Mit einem harten Lächeln hob Luise die Tasche auf, wog sie in der flachen Hand und krallte dann die Finger um sie. Ein Ruck flog durch ihren Körper, sie warf den Kopf in den Nacken, etwas wie der Stolz eines Siegers strahlte von ihr aus . dann ging sie mit schnellen, festen Schritten aus dem Zimmer und stieg die Treppe empor zum Atelier Monikas.

Kapitel 15

Sie hatte sich noch nicht ausgezogen, sondern stand an dem großen Atelierfenster, hatte eine der verschiebbaren Scheiben zur Seite gedrückt und starrte in die Nacht.

Für Monika Horten war das Leben zu einem Rätsel geworden. Jede Stunde, die sie allein war, füllte sie aus mit dem Willen, wegzugehen, zu flüchten vor ihrer Verstrickung, sich irgendwo zu verkriechen, wo man vergessen konnte und weit, weit weg war von aller Schuld und aller Scham. Aber dann stand Ernst Dahlmann wieder vor ihr, sein Lächeln bezauberte, seine Hände streichelten sie, seine Umarmung war wie ein Hineinziehen in selige Geborgenheit . und wieder fand sie sich in diesem Rätsel, warum sie das alles tat, duldete und mitmachte, warum sie ihre Schwester betrog und ihren eigenen Willen verriet. Sie wußte darauf keine Antwort.

Ein Windzug, der ihre Haare flattern ließ, zwang sie, sich umzudrehen.

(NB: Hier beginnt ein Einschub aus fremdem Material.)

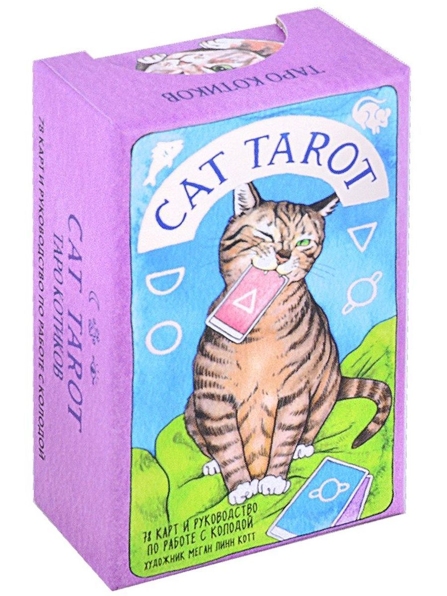 Cat Tarot – это… • Колода из 78 карт, созданных художницей Меган Линн Котт, с забавными, трогательными и мудрыми сюжетами. • Компактное руководство со значениями всех карт в прямом и перевернутом положении. • Простые расклады для начала работы с колодой. • Удобный лаконичный бокс для карт, украшенный фольгой.

Die Tür zur Diele war aufgesprungen. Jemand stand in der Finsternis des Zimmers, vor dem dunkelroten Vorhang, der tagsüber die Bettcouch in der Ecke verdeckte.

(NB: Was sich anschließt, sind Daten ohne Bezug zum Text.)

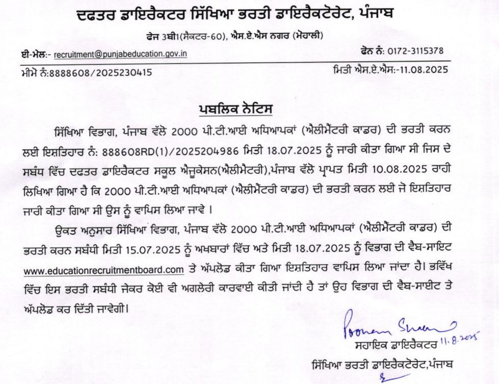 Department of School Education, Punjab, has released the official notice on 11th August 2025 regarding the withdrawal of the Punjab PTI Notification, which was released for 2000 PTI vacancies. A new notification PDF for PTI vacancies along with details information will be released soon at the official website www.educationrecruitmentboard.com. Interested candidates must bookmark our page for the latest updates regarding the recruitment drive.

»Ernst -«, fragte Monika leise und stützte sich gegen die Glaswand.

»Nein -«

»Luise!« Es war ein erstickter Schrei. »Wie ... wie kommst du hier herauf?! Was willst du.«

Langsam trat Luise Dahlmann aus dem Schatten der Nische. Mit ruhigen, sicheren Schritten ging sie auf ihre erstarrte Schwester zu, hielt ihr die Tasche hin und ließ sie, als Monika nicht zugriff, auf den kleinen Tisch fallen, der neben der Staffelei stand und als Palettenablage diente.

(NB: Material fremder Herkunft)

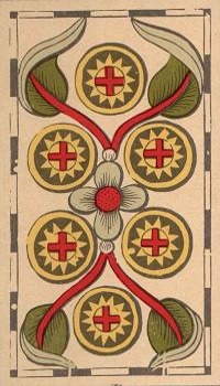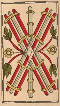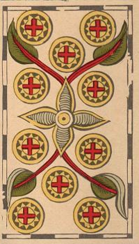 The 10 of Pentacles represents material posessions. The number 10 of Pentacles forms the links to the Ace (first card) of Wands (the first suit in the minor Arcana), and thus prepares to bring you back to the beginning of the minor Arcana, ready for a next cycle through the tarot.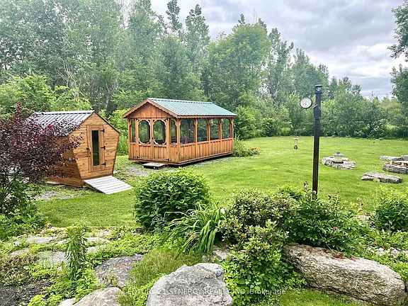 This charming 2-bedroom, 1-bath home is full of character and cozy touches, perfectly located just 20 minutes from downtown and close to all your everyday amenities. Inside, you'll find hardwood floors in the living room and dining room, adding warmth and timeless appeal. Outside, the large, beautifully landscaped backyard is a true highlight featuring vibrant flowers, mature trees, raspberry bushes, and a variety of apple trees that make the space feel like your own private oasis. Enjoy the new front deck (completed Fall 2024), a lovely three-season gazebo for entertaining, and a relaxing wood-burning sauna perfect for unwinding after a long day. This sweet home has so much to offer, both inside and out book a showing today!

»Deine Tasche, Moni -«, sagte Luise freundlich und nickte ihr zu. »Eine schöne Krokotasche übrigens . sie könnte mir auch gefallen.«

Sie sah ihre Schwester noch einmal an, dieses Mal stumm, mit zur Seite geneigtem Kopf, als betrachte sie ein merkwürdiges Bild, in das man einen Sinn hineinlegen muß. Dann wandte sie sich ab und ging hinaus . ohne Zögern, ohne Tasten, ja, sie machte sogar einen Bogen um einen Stapel Zeichenpapier, der auf dem Boden lag.